Anheuser-Busch InBev, better known to you as Budweiser, with a brewery in Cartersville, is trying out a new product, Bud Light Apple, an apple-flavored beer. You can buy it now, because Georgia is the test market. A brand manager at Anheuser-Busch InBev called Georgia “a microcosm of the U.S.”
We’ve been called worse.
Russian athletes could be banned from next year’s Olympics. It has long been the world’s worst-kept secret that Russia, and the Soviet Union before it, cheated in sports. Now, the World Anti-Doping Agency has released its first statistics on doping violations. Russia came in first by a wide margin, followed by Turkey. If you’re keeping score at home, the U.S. came in 11th on the cheating scale.
The annual outcry over a non-existent “war on Christmas” found a convenient target this year in Starbucks. Seems the coffee chain switched to plain red cups this season, instead of cups adorned with snowflakes, reindeer or other secular images associated with the holiday.
I agree with those who say “put Christ back in Christmas.” But you do that by participating in the numerous offerings in churches and on campuses during the Advent season, not by raging against the machine and then only showing up for a Sunday service that falls closest to Dec. 25. Besides, I don’t think Jesus ever built a snowman or saw a reindeer.

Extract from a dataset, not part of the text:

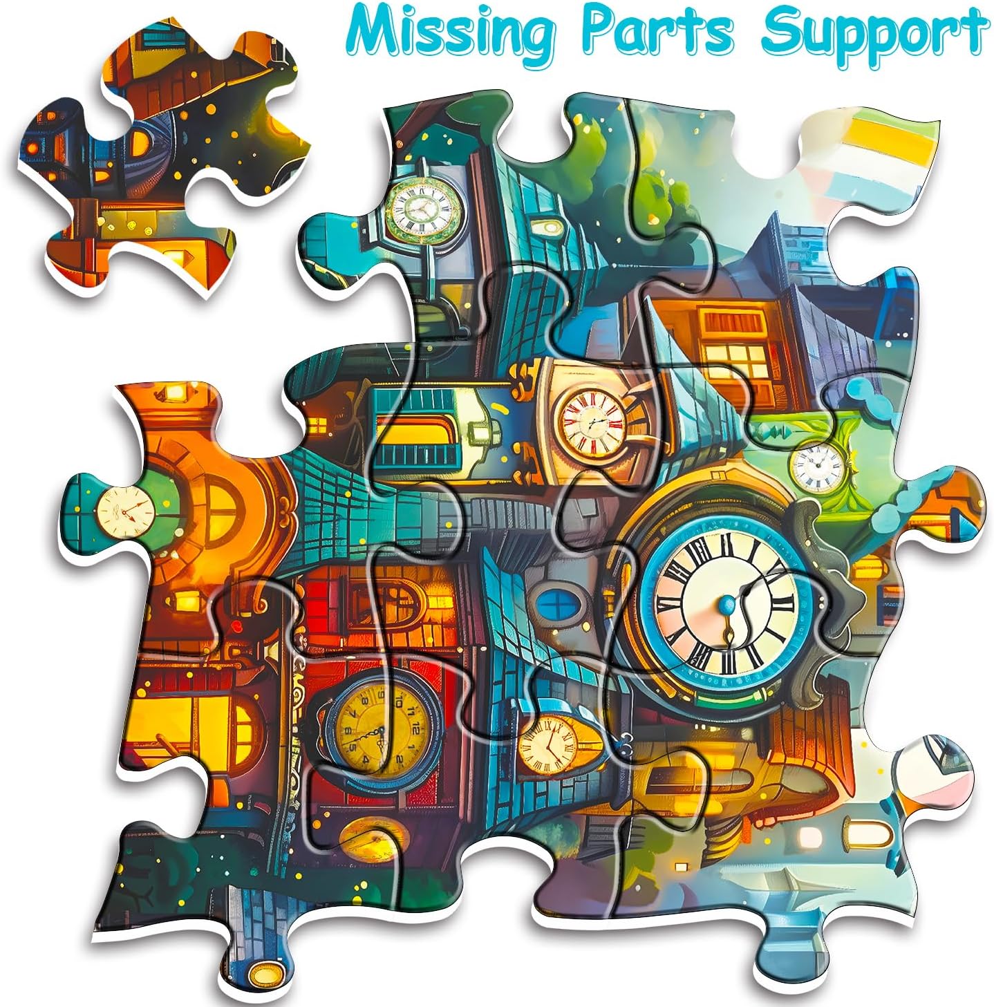 Clock House Puzzles for Adults 1000 Pieces, Impossible Magic Forest Jigsaw Puzzle,Difficult Family Cool Rainbow Clock Tower Puzzles for Adults

On the subject of culinary franchises, McDonald’s, has thrown down the gauntlet, or the cholesterol, or something or other, in a direct challenge to Waffle House. The hamburger empire will now serve breakfast 24 hours a day. I wouldn’t worry if I were WH, for three reasons: First, there are several Waffle Houses in all directions within 100 yards of any highway junction in the South. Not so with Mickey D’s. Second, no one ever wrote a country song about an Egg McMuffin.
Third, pimply high school girls don’t have much to talk about. On the other hand, middle-aged, bleached, wrinkled Waffle House waitresses in uniforms that are always too tight have enough stories for a weekend.
Or maybe two.
Bryant Steele has won awards for business reporting, feature writing and opinion columns, and is based in Rome.